Metal-Organic Precursors for Transition-Metal-Doped Ni2P via Pyrolysis for Efficient Overall Water Splitting and Supercapacitance

The synthesis of solvent-less bare-surface nickel phosphides is desired, considering their superior electrocatalytic properties and straightforward synthetic protocols compared to their analogues prepared from colloidal routes. Herein, we report the synthesis of [Ni{S2P(OH)(4-CH3OC6H4)}(2)] (1), [Fe{S2P(OH)(4-CH3OC6H4)}(3)] (2) and [Co{S2P(OC4H9)(4-CH3OC6H4)}(3)] (3) and their utilization to form Ni2P, Fe-Ni2P and Co-Ni2P in a solvent-less pyrolysis method. This solvent-free protocol involved the decomposition of complex (1) and the composites of complex (1) with (2) or (3) in the presence of triphenylphosphine (TPP) at 400 degrees C for one hour.
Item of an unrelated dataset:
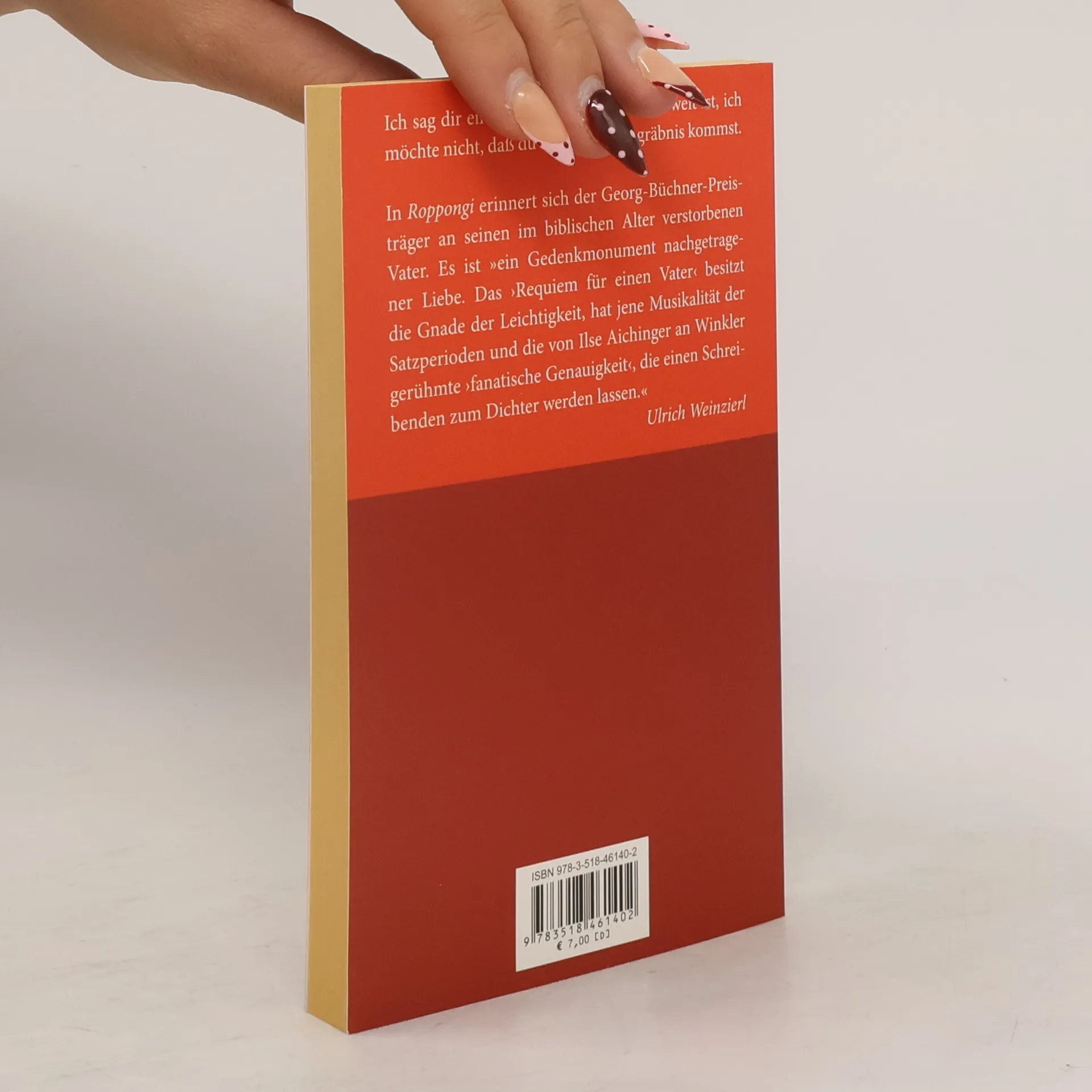 „Als ich mich vor drei Jahren mit meiner Familie in Tokio aufhielt, wo wir im Stadtteil Roppongi wohnten, starb im Alter von 99 Jahren mein Vater, der mir ein Jahr vor seinem Tod in einem kurzen, aber dramatischen Telefonmonolog mitteilte, daß, wenn es soweit sei, ich nicht zu seinem Begräbnis kommen solle.“ »In Roppongi erinnert sich der Georg-Büchner-Preisträger 2008 an seinen im biblischen Alter verstorbenen Vater. Es ist ein „Gedenkmonument nachgetragener Liebe. Das ‚Requiem für einen Vater’ besitzt die Gnade der Leichtigkeit, hat jene Musikalität der Satzperioden und die von Ilse Aichinger an Winkler gerühmte ‚fanatische Genauigkeit’, die einen Schreibenden zum Dichter werden lassen. ‚Ja, Vater, mach’s gut’, vernehmen wir da als Nachruf, ‚ich wünsche dir eine gute Reise’.« Ulrich Weinzierl in seiner Laudatio auf den Georg-Büchner-Preisträger

The solvent-less decomposition of complex (1) without TPP formed nickel sulfide. A plausible explanation for this rare fabrication of pristine and doped Ni2P in the absence of any solvent is suggested. All the transition metal doped phosphides improved the HER performance of pristine Ni2P, with the 5 % Fe doped Ni2P having the best performance, requiring 137 mV to reach a current density of 10 mA/cm(2). Similarly, the OER performance of un-doped Ni2P was improved by all the doped Ni2P catalysts, where 10 % Fe-doped Ni2P showed the best performance requiring 326 mV to reach a current density of 10 mA/cm(2). Transition metal doping was also shown to improve the reaction kinetics, stability and durability of the solvent-free prepared Ni2P.